- **Work task**
From the material below, copy exactly the lines beginning with the one that contains "Gouache représentant la" and ending with the one that contains "Global Gold Mining"; the pictures stay out.

- **Listed records**
Start of Block

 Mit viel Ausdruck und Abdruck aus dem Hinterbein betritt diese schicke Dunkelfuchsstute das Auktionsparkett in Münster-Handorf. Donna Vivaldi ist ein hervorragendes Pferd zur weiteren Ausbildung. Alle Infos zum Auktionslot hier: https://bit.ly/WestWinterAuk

End of Block
Start of Block

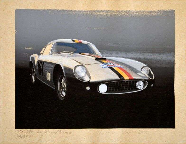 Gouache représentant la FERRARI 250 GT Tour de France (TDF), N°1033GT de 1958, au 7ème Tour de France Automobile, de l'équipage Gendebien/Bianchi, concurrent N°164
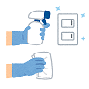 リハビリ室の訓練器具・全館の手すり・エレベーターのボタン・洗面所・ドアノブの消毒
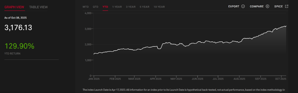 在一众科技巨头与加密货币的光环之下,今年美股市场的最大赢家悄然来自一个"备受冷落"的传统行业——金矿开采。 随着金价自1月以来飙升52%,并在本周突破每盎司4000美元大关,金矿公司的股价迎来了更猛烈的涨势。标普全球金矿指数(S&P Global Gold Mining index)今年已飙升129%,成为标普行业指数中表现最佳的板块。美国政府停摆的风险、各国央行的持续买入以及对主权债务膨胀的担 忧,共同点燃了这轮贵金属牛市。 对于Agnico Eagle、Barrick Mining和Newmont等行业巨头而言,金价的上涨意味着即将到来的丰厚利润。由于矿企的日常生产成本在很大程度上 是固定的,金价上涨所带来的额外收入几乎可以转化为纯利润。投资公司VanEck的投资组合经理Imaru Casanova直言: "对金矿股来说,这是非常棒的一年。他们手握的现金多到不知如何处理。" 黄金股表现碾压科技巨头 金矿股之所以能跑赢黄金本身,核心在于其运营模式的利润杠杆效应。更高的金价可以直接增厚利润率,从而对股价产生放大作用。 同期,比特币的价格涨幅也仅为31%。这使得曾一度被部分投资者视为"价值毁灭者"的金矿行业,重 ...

End of Block
Start of Block

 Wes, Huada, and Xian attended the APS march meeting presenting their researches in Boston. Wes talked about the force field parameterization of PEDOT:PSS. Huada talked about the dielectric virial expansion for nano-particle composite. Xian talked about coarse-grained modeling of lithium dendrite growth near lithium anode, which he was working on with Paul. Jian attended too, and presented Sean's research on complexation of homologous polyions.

End of Block

- **Task solution**
 Gouache représentant la FERRARI 250 GT Tour de France (TDF), N°1033GT de 1958, au 7ème Tour de France Automobile, de l'équipage Gendebien/Bianchi, concurrent N°164
 リハビリ室の訓練器具・全館の手すり・エレベーターのボタン・洗面所・ドアノブの消毒
 在一众科技巨头与加密货币的光环之下,今年美股市场的最大赢家悄然来自一个"备受冷落"的传统行业——金矿开采。 随着金价自1月以来飙升52%,并在本周突破每盎司4000美元大关,金矿公司的股价迎来了更猛烈的涨势。标普全球金矿指数(S&P Global Gold Mining index)今年已飙升129%,成为标普行业指数中表现最佳的板块。美国政府停摆的风险、各国央行的持续买入以及对主权债务膨胀的担 忧,共同点燃了这轮贵金属牛市。 对于Agnico Eagle、Barrick Mining和Newmont等行业巨头而言,金价的上涨意味着即将到来的丰厚利润。由于矿企的日常生产成本在很大程度上 是固定的,金价上涨所带来的额外收入几乎可以转化为纯利润。投资公司VanEck的投资组合经理Imaru Casanova直言: "对金矿股来说,这是非常棒的一年。他们手握的现金多到不知如何处理。" 黄金股表现碾压科技巨头 金矿股之所以能跑赢黄金本身,核心在于其运营模式的利润杠杆效应。更高的金价可以直接增厚利润率,从而对股价产生放大作用。 同期,比特币的价格涨幅也仅为31%。这使得曾一度被部分投资者视为"价值毁灭者"的金矿行业,重 ...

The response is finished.